Dapchi girls: Boarding schools have been shut indefinitely in the northeast Nigerian state most affected by Boko Haram violence, the government has said, in the latest blow to children’s education.


“All boarding secondary schools in the state, with the exception of those in (the state capital) Maiduguri and (the town of) Biu, will close down with immediate effect until further notice,” the Borno state government said.

Some of the Dapchi Schoolgirls brought back by their abductors in Dapchi town before proceeding To Abuja. Photo by Ndahi Marama

Borno is the spiritual home of Boko Haram Islamists, whose name translates loosely from Hausa as “Western education is forbidden”.
The high-profile abductions of more than 200 schoolgirls in Chibok, Borno state, in April 2014, and 110 others from Dapchi, Yobe state, in February this year also led to closures.

Schools that teach a so-called secular curriculum have been repeatedly targeted during the insurgency, which since 2009 has left at least 20,000 people dead.
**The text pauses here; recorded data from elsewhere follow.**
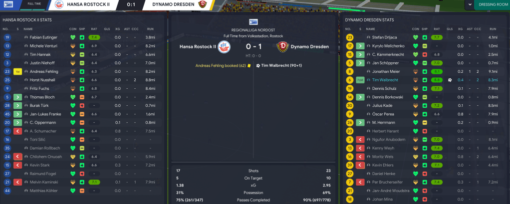 Game 4 – Tennis Borussia Berlin (12th, away): A win at home to TeBe Belin would seal the title with a game remaining, given Dynamo played their final game at the same time. However, Prusseit’s time suffered stage fright and lost 1-0 to a very dubious first-half penalty. Elsewhere, Dynamo were winning 1-0 to move two points clear but conceded a 91st-minute equaliser at Chemie Leipzig. That kept Rostock top on goal difference going into their game in hand.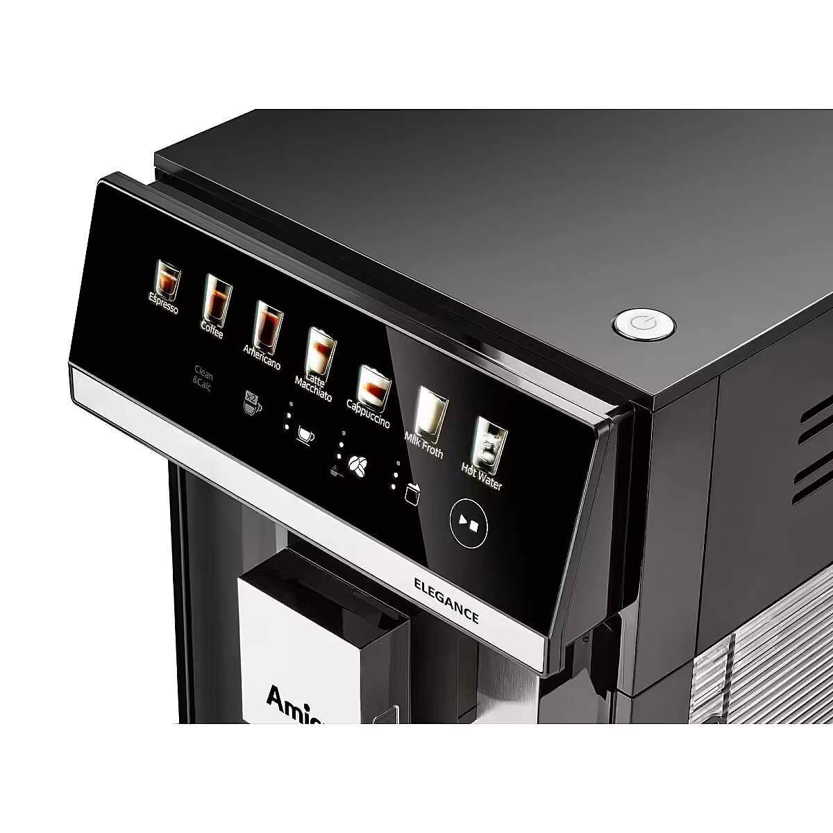Special functions - Regulacja stopnia zmielenia kawy Dotykowy panel sterowania Regulacja iloĹci kawy Regulacja mocy kawy Regulacja temperatury kawy Przygotowanie kaw mlecznych Programy: Coffee, Americano, Cappuccino, Espresso, Caffe Latte, Latte Macchiato, Hot milk, Frothed milk, Hot water, Ulubiona Kawa Funkcja: 2 filiĹźanki kawy Funkcja spieniania mleka Regulacja wysokoĹci dyszy Wyjmowany zbiornik na wodÄ Odpinany pojemnik na mleko Wyjmowany blok zaparzajÄcy Autoczyszczenie Automatyczne wyĹÄczenie WskaĹşnik "Gotowy do pracy" WskaĹşnik odkamieniania Program odkamieniania WskaĹşnik niskiego poziomu wody WskaĹşnik niskiego poziomu mleka WskaĹşnik napeĹnienia pojemnika na fusy WskaĹşnik braku kawy Wymienny filtr w zbiorniku na wodÄ WskaĹşnik braku pojemnika na wodÄ WskaĹşnik koniecznoĹci wymiany filtr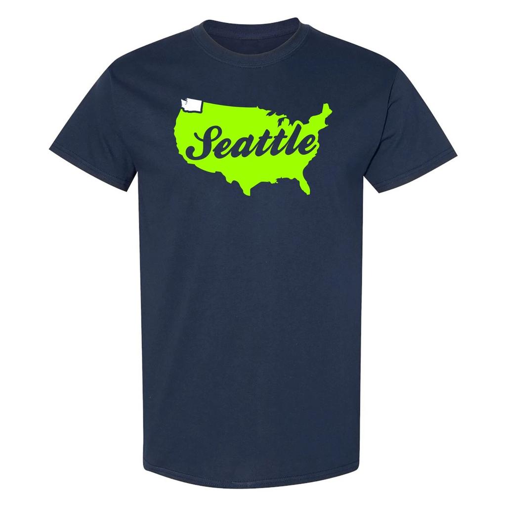 Seattle USA Script - Football Team Colors Sports T-Shirt - Navy

According to the UN children’s agency UNICEF, more than 2,296 teachers have been killed and some 1,400 schools destroyed in the wider northeast region.
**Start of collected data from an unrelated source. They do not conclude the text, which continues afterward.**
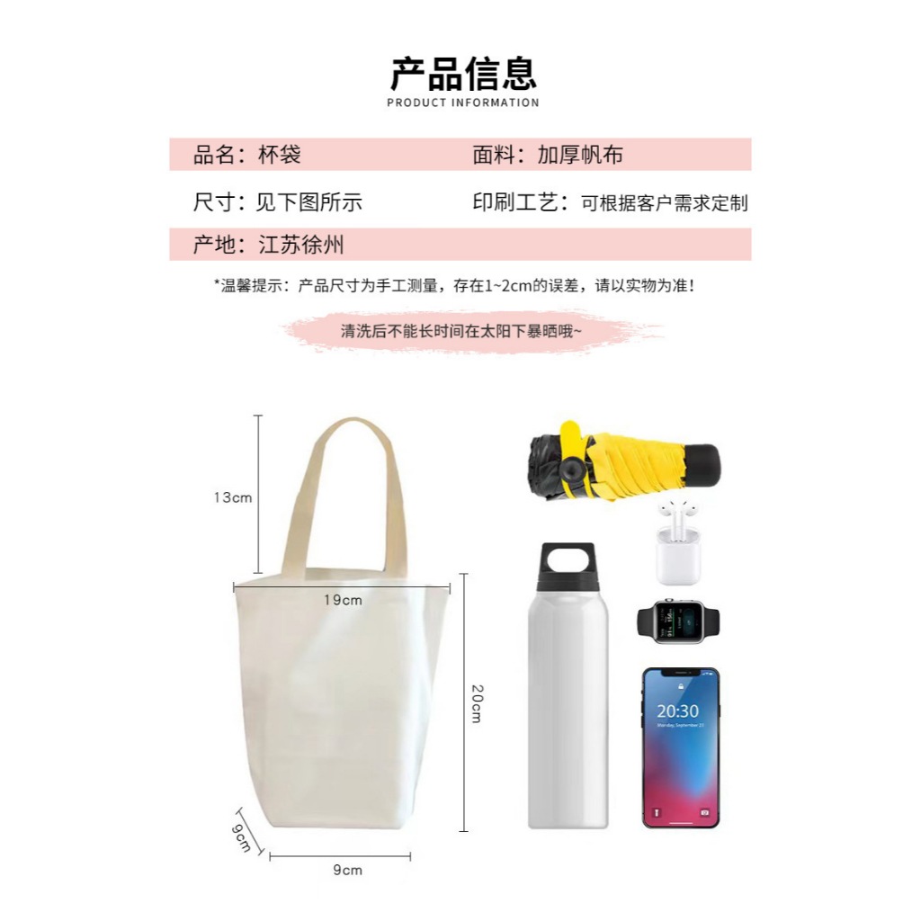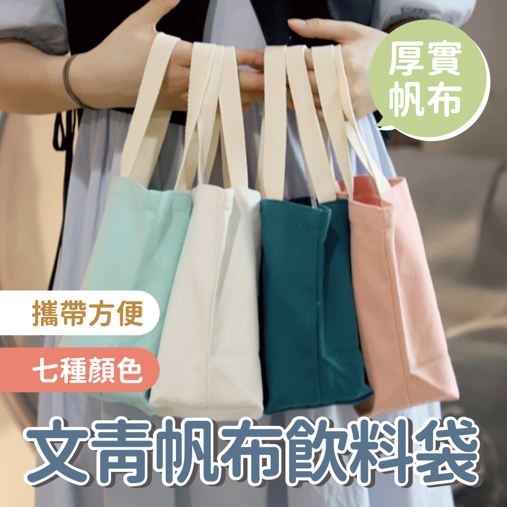 【限時免運】文青帆布飲料袋 簡約帆布包 帆布袋 雨傘袋 外出飲料袋 手拎帆布包 飲料袋誠品綠|孔雀藍|焦糖|粉紅|淺綠|淺卡其|白LOHOY品牌館
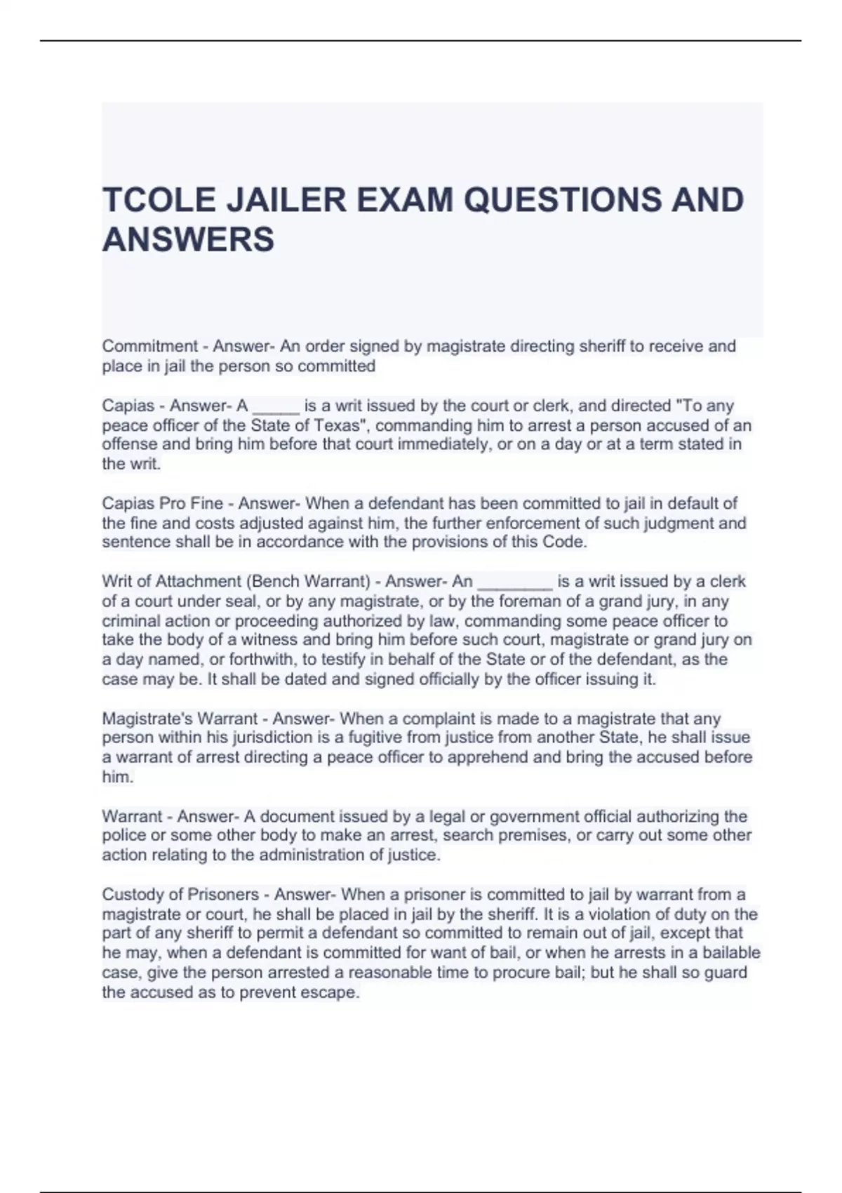 TCOLE JAILER EXAM QUESTIONS AND ANSWERS 2023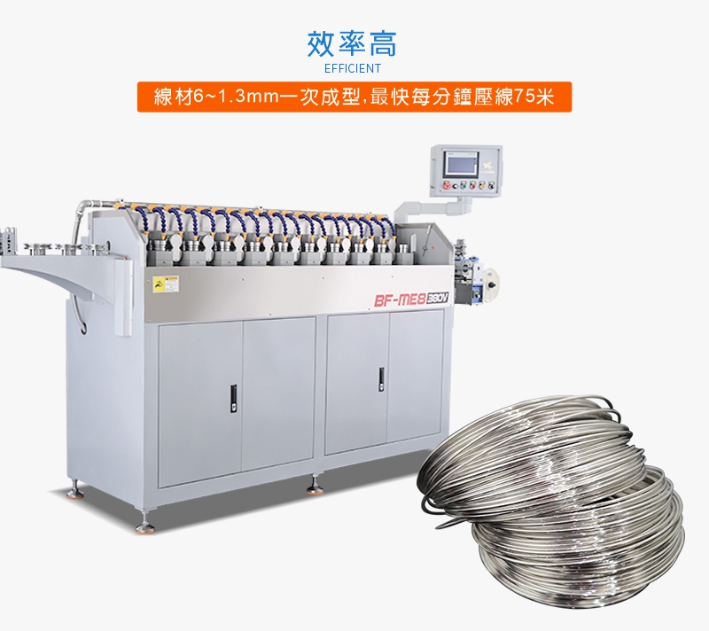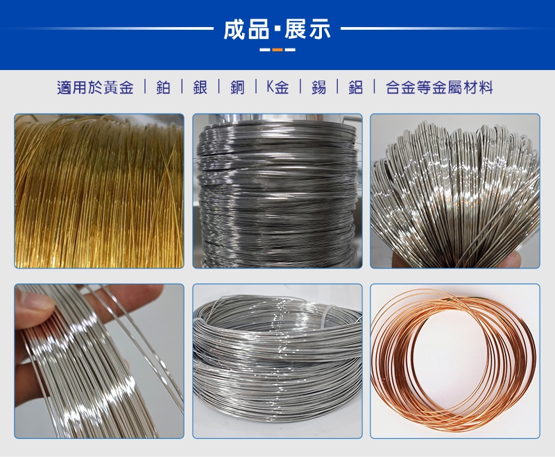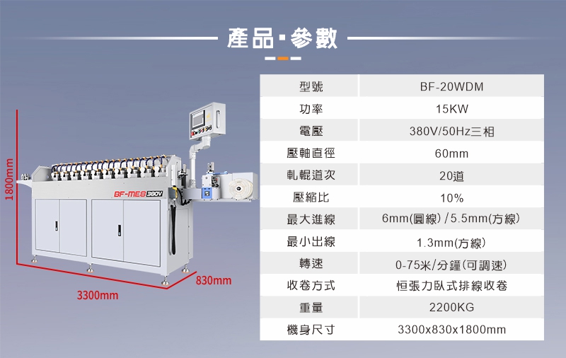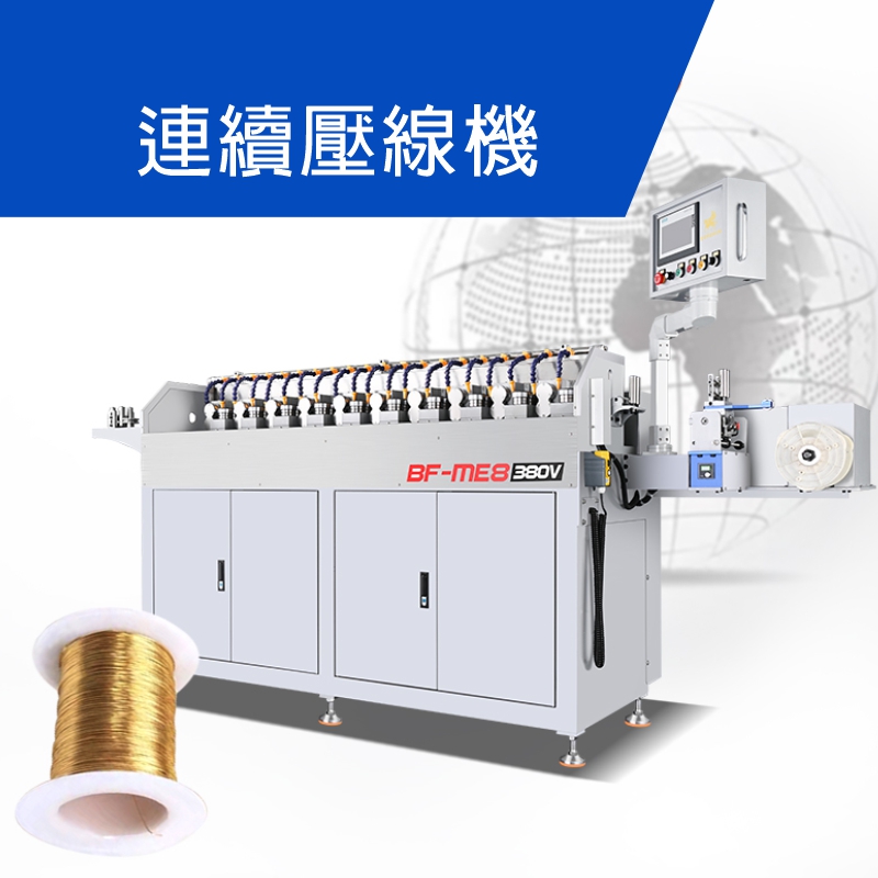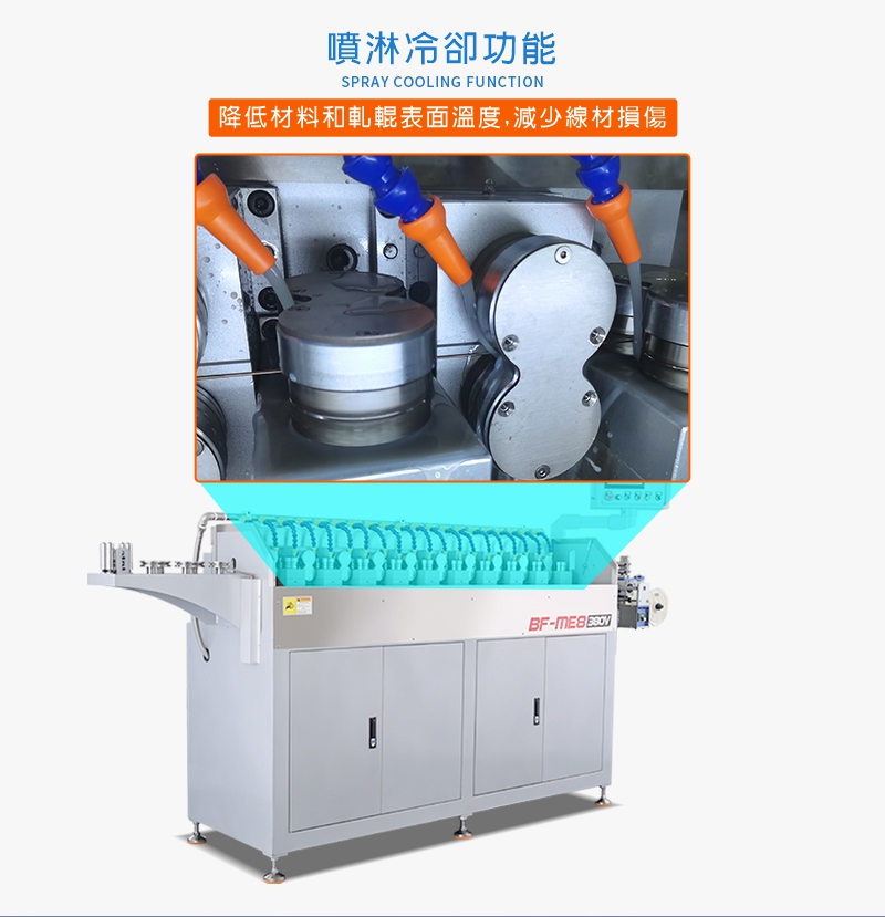 連續壓線機 ▇ 型號:BF-20WDM 適用金屬: 鉑金、鈀金、黃金、銀、銅、鋁、錫及其合金等金屬材料 應用行業: 首飾廠、貴金屬行業、焊材行業、新材料研發、電工線材等 產品優勢: 1.多組軋輥直線壓延,效率高 2.成品線無毛刺,無損耗 3.成品材質密度好,不斷線,提高壓線延展性 4.進料前較直功能,防止跑偏 5.自帶噴淋冷卻系統,降低材料和軋輥表面溫度 6.恒張力臥式排線收卷; 7.自動緊急停止裝置,缺料/完成作業時會自動停止運行

Muhammad Bulama, the Borno commissioner for home affairs, information and culture, said on Wednesday the decision was taken last week after a Boko Haram attack in Rann on March 1.

Three aid workers and eight security personnel were killed in the attack on the remote town near the border with Cameroon, which led to the withdrawal of aid agencies.
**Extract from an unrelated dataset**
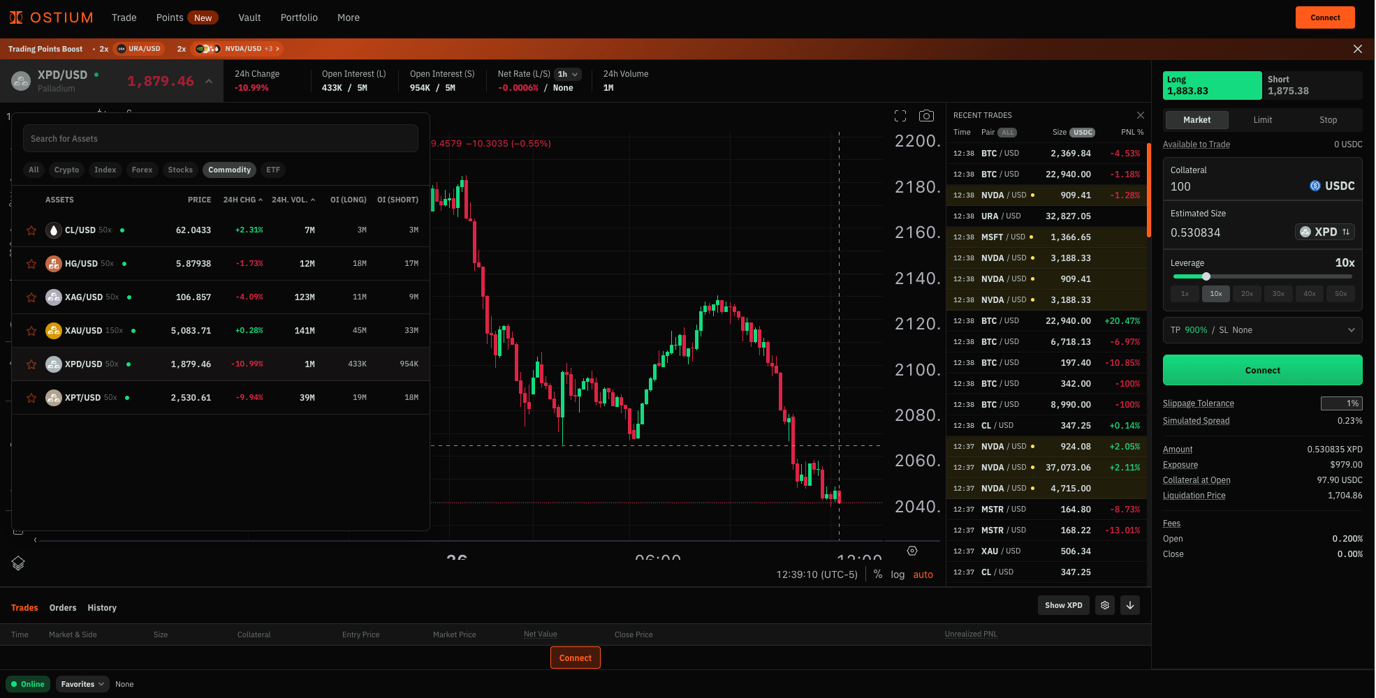 The only platform to trade Platinum and Palladium onchain at the time is Ostium Labs.

Schools have previously been shut in the wake of deadly attacks in Buni Yadi, Yobe state, when more than 40 students at a boys’ boarding school were killed in a Boko Haram attack.

Bulama said “urgent and immediate measures” were being taken to improve security but the closures are the latest disruption to schooling in an area already hit by low levels of education.

At the start of the new academic year in September last year, UNICEF said at least 57 percent of schools in Borno remained closed.

It warned the situation threatened to create “a lost generation of children, threatening their and the country’s future”.

Also the Federal Government has said a total of 106 abducted persons, comprising 104 Daphchi schoolgirls, one other girl and a boy were freed by insurgents in the early hours of Wednesday.

Briefing journalists in Maiduguri, the Minister of Information and Culture, Alhaji Lai Mohammed, said all the 106 persons were freed unconditionally, contrary to reports in a section of the media that ransom was paid and that some insurgents were swapped for the freed persons.

”It is not true that we paid ransom for the release of the Dapchi girls, neither was there a prisoner swap to secure their release.

”What happened was that the abduction itself was a breach of the ceasefire talks between the insurgents and the government, hence it became a moral burden on the abductors. Any report that we paid ransom or engaged in prisoner swap is false,” he said.

Meanwhile, the freed persons have been formally handed over to the Federal Government.

The Theatre Commander, Operation Lafiya Dole, Maj.-Gen. Rogers Nicholas, handed over the girls and one boy to the four-member Federal Government Delegation at the Nigerian Air Force base in Maiduguri on Wednesday evening

The delegation comprised the Minister of Information and Culture, Alhaji Lai Mohammed; the Minister of Interior, Gen. Abdulrahman Danbazau (retired); the Minister of State for Foreign Affairs, Hajia Khadija Bukar Abba Ibrahim and Hon. Goni Lawan Bukar, a member of House of Representatives from Dapchi.

The girls were immediately airlifted to Abuja aboard a military transport plane.